Before Paving a Cow Path with AI, Redesign the Road
I’m seeing a pattern. A team gets excited that AI can finally automate a complex problem, they jump in and automate the hardest part of a workflow and ship it. This feels like progress, but leaves opportunity on the table.
Why? If a process exists, teams automatically assume it should exist. Most workflows evolved and solidified over time; they weren’t designed.
Manual data entry due to incompatible systems. Three-day approvals because of incomplete information. Twenty-field forms since the old paper one once required it.
AI removes old constraints, changing what’s possible. The question isn’t “How do we make this step faster?” It’s “Do we even need this step?”
Before automating anything, write down the desired outcome in one sentence. It needs to be a real business outcome, not a fake process outcome. For example, you don’t want to “transcribe an intake call faster.” Your real objective is to “get a patient scheduled quickly with verified insurance coverage.”
When you aim at the outcome, the place where automation creates value for your organization changes.
If you’re planning a redesign
Which steps exist only because information was hard to get? If AI retrieves it in seconds, remove the step.

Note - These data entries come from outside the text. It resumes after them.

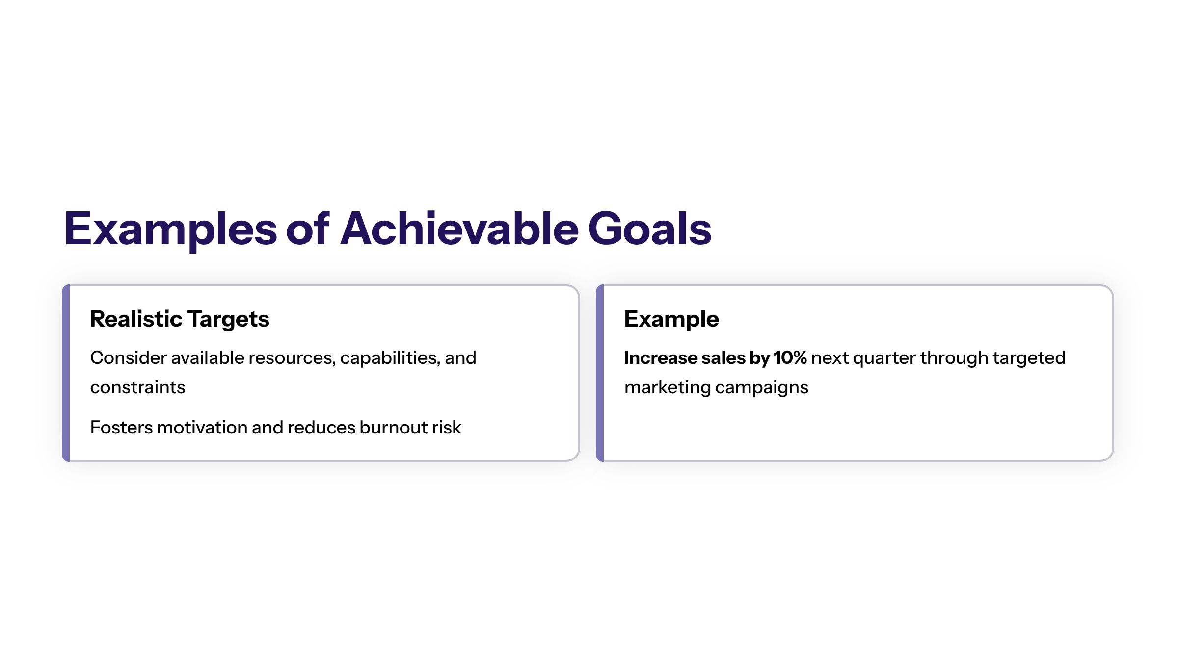 These examples demonstrate how achievable goals provide clear direction and measurable success criteria.
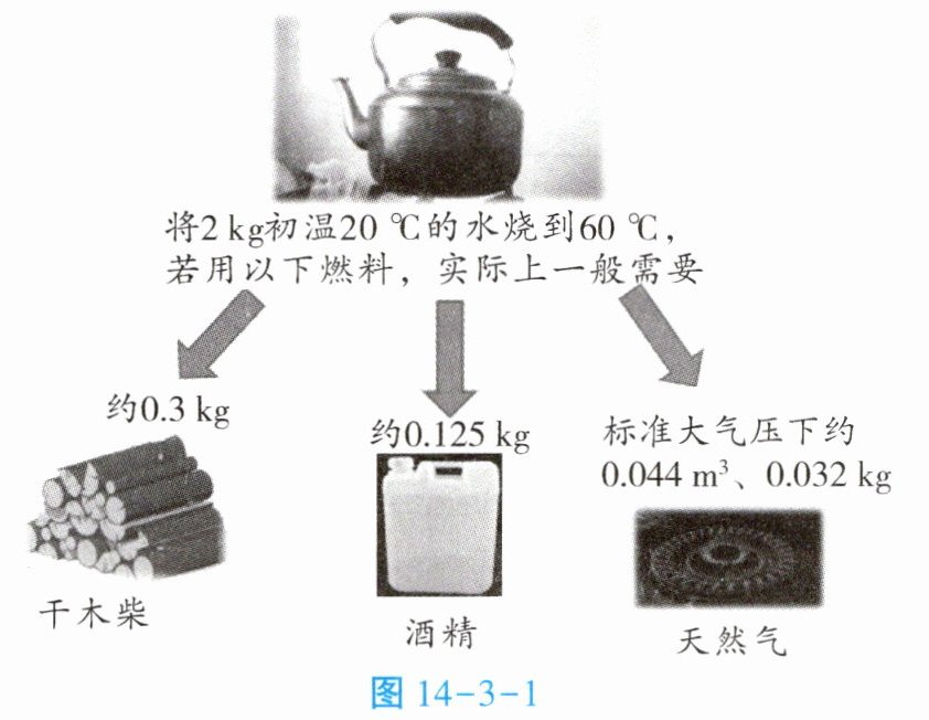 【活动一】在生活中,我们常通过燃烧燃料来获得能量。如图 14-3-1,我们可以通过燃烧不同燃料(干木柴、酒精、天然气)将同一锅水烧到 $60^{\circ}C$,但在水吸收相同热量的情况下,不同燃料消耗的质量不同,则燃烧相同质量的不同燃料,燃料释放的热量
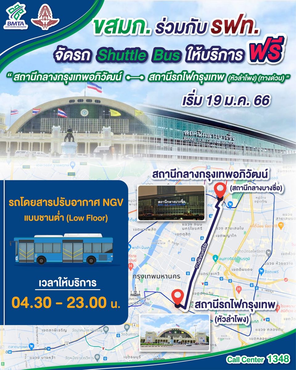 ทั้งนี้ ขสมก. ได้จัดเจ้าหน้าที่สายตรวจพิเศษ และนายตรวจ ประจำจุด ณ สถานีกลางกรุงเทพอภิวัฒน์ และสถานีรถไฟกรุงเทพ (หัวลำโพง) เพื่ออำนวยความสะดวก และประชาสัมพันธ์เส้นทางเดินรถ Shuttle Bus ให้ประชาชนผู้ใช้บริการรับทราบ
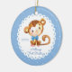 Os primeiros enfeites de natal do bebê caracterizam um grupo pequeno doce do macaco em um fundo azul das bolinhas com um quadro scalloped. Personalize com sua informação do bebê e data e você são todos ajustam-se para ir! Presente datado maravilhoso da lembrança para Natal do seu bebê o ø.
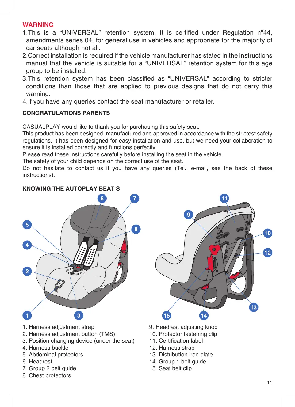 WARNING 1.This is a “UNIVERSAL” retention system. It is certified under Regulation nº44, amendments series 04, for general use in vehicles and appropriate for the majority of car seats although not all. 2.Correct installation is required if the vehicle manufacturer has stated in the instructions manual that the vehicle is suitable for a “UNIVERSAL” retention system for this age group to be installed. 3.This retention system has been classified as “UNIVERSAL” according to stricter conditions than those that are applied to previous designs that do not carry this warning. 4.If you have any queries contact the seat manufacturer or retailer. CONGRATULATIONS PARENTS CASUALPLAY would like to thank you for purchasing this safety seat. This product has been designed, manufactured and approved in accordance with the strictest safety regulations. It has been designed for easy installation and use, but we need your collaboration to ensure it is installed correctly and functions perfectly. Please read these instructions carefully before installing the seat in the vehicle. The safety of your child depends on the correct use of the seat. Do not hesitate to contact us if you have any queries (Tel., e-mail, see the back of these instructions).
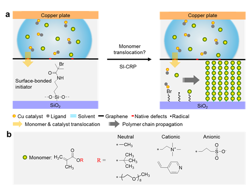 针对此,最近,德国德累斯顿工业大学的Rainer Jordan教授课题组张涛博士及中国科学院宁波材料技术与工程研究所陈涛研究员课题组等多家单位的研究人员通过实验及理论预测提出了一个新思路,即表面引发可控的可控自由基聚合可以来诱导乙烯基单体作为“倚天剑”穿透单层石墨烯这一“金钟罩”(Nat. Commun. 2018, 9, 4051: https://www.nature.com/articles/s41467-018-06599-y.pdf)。在他们的研究中,引发剂可以选择性地键合到固体基体表面用以驱动单体的运动和后续补充。在单层CVD石墨烯将引发剂和单体隔离的条件下,证明了各种尺寸的乙烯基单体在引发剂的驱动下可以穿过单层CVD石墨烯并成功实现表面引发聚合。他们的研究发现,这是由于只有原子层厚度的石墨烯无法阻挡自由基引发剂和单体之间(以及催化剂)的库仑作用力,从而实现了引发剂在石墨烯另一端对单体的驱动和迁移。同时,可控自由基聚合的特性使得单体可以稳定的速率连续地被输送到石墨烯的另一端,并在石墨烯覆盖的表面得到聚合物分子刷(如图1)。最终,通过研究石墨烯覆盖的聚合物分子刷厚度和形貌可以计算多类型的单体通过单层石墨烯的行为和速率。
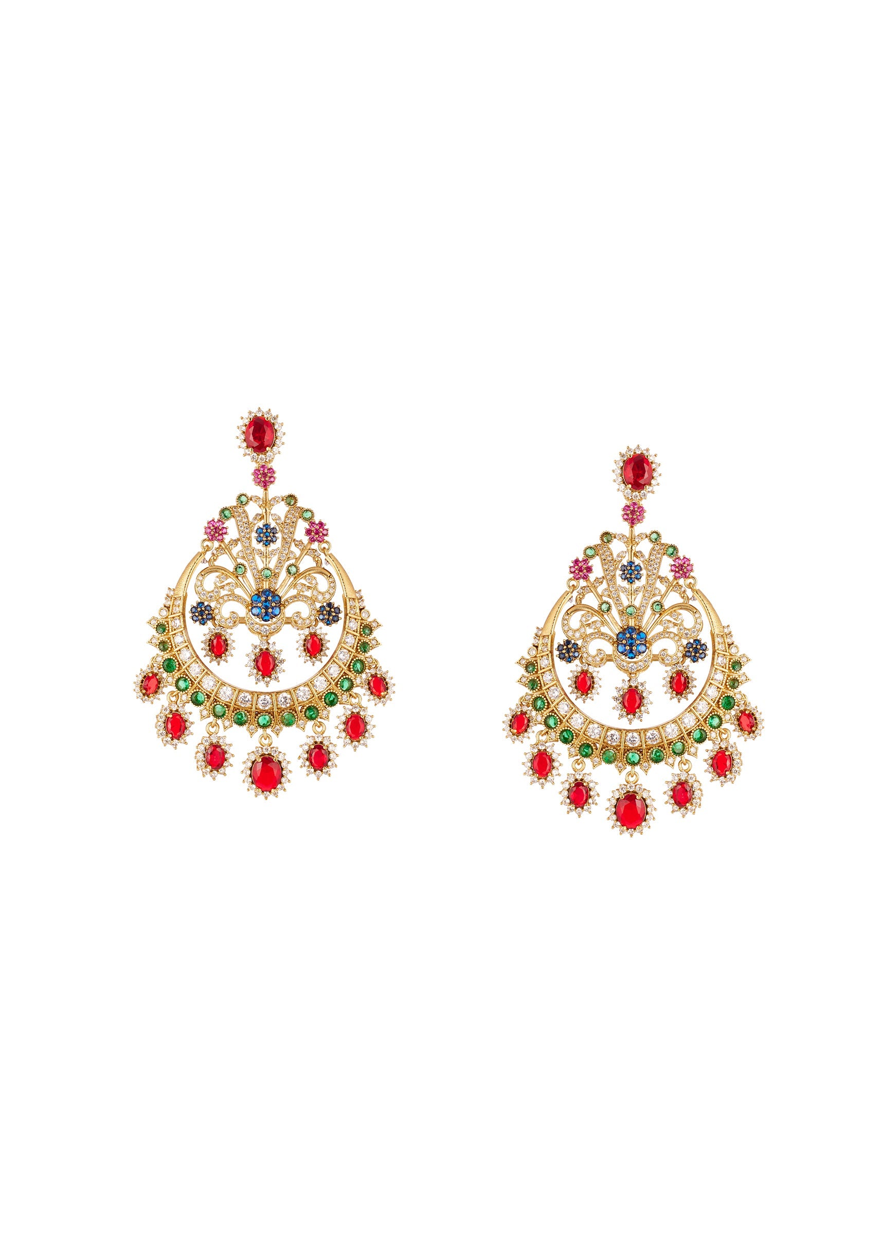 A stunning pair of traditional chandbali earrings crafted in a radiant gold finish featuring intricate pendant motifs accented with red, blue, and green simulated stones. The vibrant colour combination adds a festive and elegant touch, perfect for weddings, haldi, mehendi, and celebratory occasions. Awarded as the Most Trusted Brand, we're delivering styles you love, just as promised.
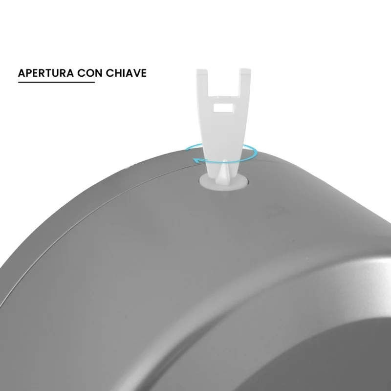 Erogatore di carta igienica industriale a rotoli per un massimo di 300 metri con apertura mediante chiavetta

Where are you automating something that just compensates for an upstream problem? Can you fix upstream instead?
What would break if this task disappeared? If the answer is “nothing,” remove it.
One final reality check: just because you’re using AI doesn’t mean you can skip the change management part. Redesigning workflows means people need to unlearn habits and trust something new. Plan for change management upfront or your automation will be a bumpy ride.